Sam set about making travel plans, which he had hastily to cancel. Hank Goddard wanted Sam to accompany him to the Mensa lab, then drive back to the Hilton for a week. "After that I need you to make a special delivery." Then," said Goddard, "you can leave." That Sam might have plans of his own was irrelevant to Goddard; he was the chauffeur after all. That it was a coincidence did occur to Sam. He took it as an encouragement.

Two days before Christmas Hank and Sam arrived at the Mensa lab. The director gave Sam an intensive tour of the place. There was no other audience and Goddard's intense pride in his brainchild colluded to further Sam's fortune. Sam hid the fact that he now knew the blueprint of the lab inside out.

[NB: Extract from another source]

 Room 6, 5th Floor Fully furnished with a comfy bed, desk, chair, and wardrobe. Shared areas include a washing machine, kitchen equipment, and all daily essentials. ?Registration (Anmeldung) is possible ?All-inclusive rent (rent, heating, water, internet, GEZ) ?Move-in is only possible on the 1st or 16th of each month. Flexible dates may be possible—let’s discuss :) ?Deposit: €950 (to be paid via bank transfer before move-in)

Christmas at the Hilton made a pleasant change for Sam. He did not see any of the arrivals at the lab but knew that everything must have worked out well. On the morning of the Thirty First, Tim Goddard, his wife and his son arrived. There was an emergency, they said, they had to see Hank. "I have to make a "Special Delivery" Sam. Dad said you would help."

Driving to the lab, Sam deliberately shut out the picture of the tense family in the truck. He planned. He would have to be in the lab before the Goddards. And he would have to set off The Switch. This would activate a central locking device which would seal all the doors and windows and start a ventilation system which was programmed to work until midnight.

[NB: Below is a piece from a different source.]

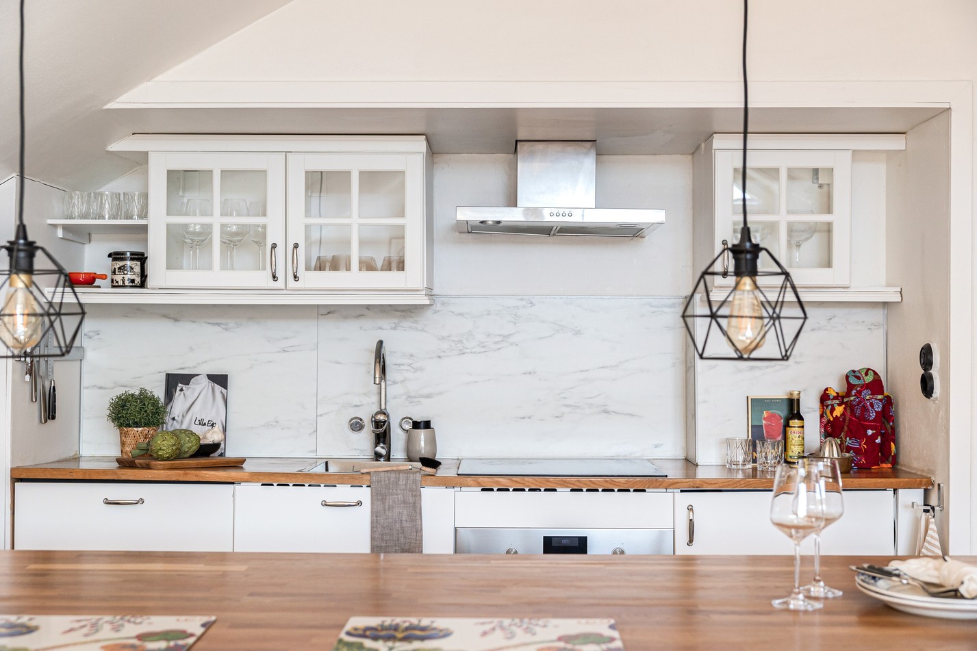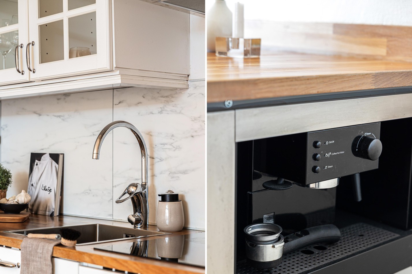 Välkommen in i ett kök där stil möter funktion! Här skapas en harmonisk helhet med vackra materialval som vit skåpinredning med spröjsade vitrindörrar, marmorinspirerad stänkskyddsvägg och bänkskiva i varm träton. Den öppna planlösningen och generösa köksön bjuder in till såväl vardagsmatlagning som sociala stunder med vänner och familj.

Following instructions Sam spoke into the speakerphone set the doorway. Ignoring instructions he walked in alone. He made his way to The Switch. He turned it on. The team would all still be hooked to their machines. The director should be out by now. The director was farther out than Sam had expected. He had stepped out to welcome his family.

"Let them all in, I said to Sam," he explained, hugging his grandson as his family alighted. "Where is....?" He broke off as a beeper went off in his pocket. He turned round staring in disbelief. "Who....? Sam?! "Sam! Sam!" he shouted fruitlessly. Then he pushed a button on his beeper. "Listen Sam. What are you doing?"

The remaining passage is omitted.